There were several weaknesses in these theories. Those authors who focused on an increasingly unequal distribution of income did not marshal unambiguous evidence to make their case, nor did they specify precisely how such factors came to life in the interwar economy. While Berle and Means claimed to have demonstrated a relative price inflexibility in concentrated economic sectors during the 1930s, their critics were unconvinced. Given that the aggregate price level fell by one-third in the early thirties, they argued, how inflexible could the general price system have been? The “sticky prices” thesis also relied on an assumption of perfect competition in all markets other than those where the imperfections existed. If this assumption were relaxed, the thesis did not hold.

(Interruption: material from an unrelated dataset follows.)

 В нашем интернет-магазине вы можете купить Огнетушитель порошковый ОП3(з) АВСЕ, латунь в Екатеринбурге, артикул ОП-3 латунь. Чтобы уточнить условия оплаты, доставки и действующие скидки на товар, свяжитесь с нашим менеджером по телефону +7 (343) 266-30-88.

The terms of trade argument similarly had a major flaw. The major weaknesses in the American economy of the interwar period were domestic, and the collapse of demand on the part of agricultural nations was not highly relevant. During the 1920s, exports as a share of the nation’s gross national product had annually averaged only a bit over 5 percent. A fall in export demand, then, could not have played a major role in worsening or prolonging the Great Depression.

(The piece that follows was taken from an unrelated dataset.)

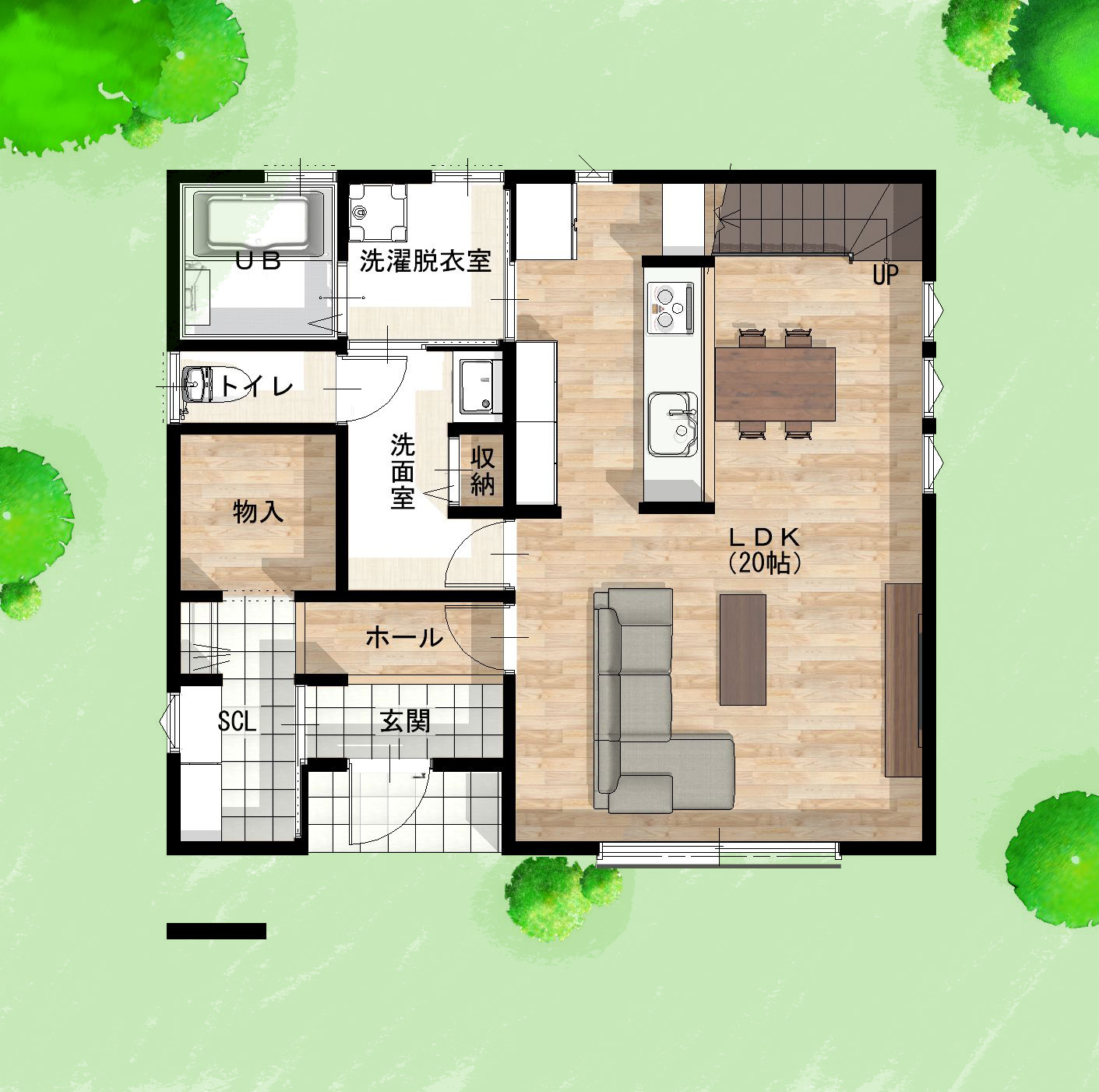 20帖の大きなリビングとその上には吹き抜けのある3LDKのお家です。

Theories of Economic Stagnation
Continued research on the Great Depression necessarily relied upon the work of Joseph Schumpeter on cyclical processes in modern economies. Schumpeter held that the interwar period was an era in which three major cycles of economic activity in the United States (and Europe) coincidentally reached their nadir. These cycles were 1) the Kondratieff, a wave of fifty or more years associated with the introduction and dispersion of major inventions; 2) the Juglar, a wave of approximately ten years’ duration that appeared to be linked with population movements; and 3) the Kitchin, a wave of about forty months’ length that had the appearance of a typical inventory cycle.
Schumpeter’s efforts were paralleled by those of Simon Kuznets and, more recently, Moses Abramovitz and Richard Easterlin. Kuznets was successful in documenting the existence of waves of some fifteen to twenty years in length. These periodic swings, according to Abramovitz, demonstrated that in the United States and other industrialized countries, “development during the nineteenth and early twentieth centuries took the form of a series of surges in the growth of output and in capital and labor resources followed by periods of retarded growth.” Significantly, “each period of retardation in the rate of growth of output … culminated in a protracted depression or in a period of stagnation in which business cycle recoveries were disappointing, failing to lift the economy to a condition of full employment or doing so only transiently.” The specific behavioral mechanisms that could account for the Kuznets phenomenon (and its precise manifestation in the United States in the 1930s) were necessarily the focus of continued debate. It is in this context that we can understand the large literature on “secular stagnation.”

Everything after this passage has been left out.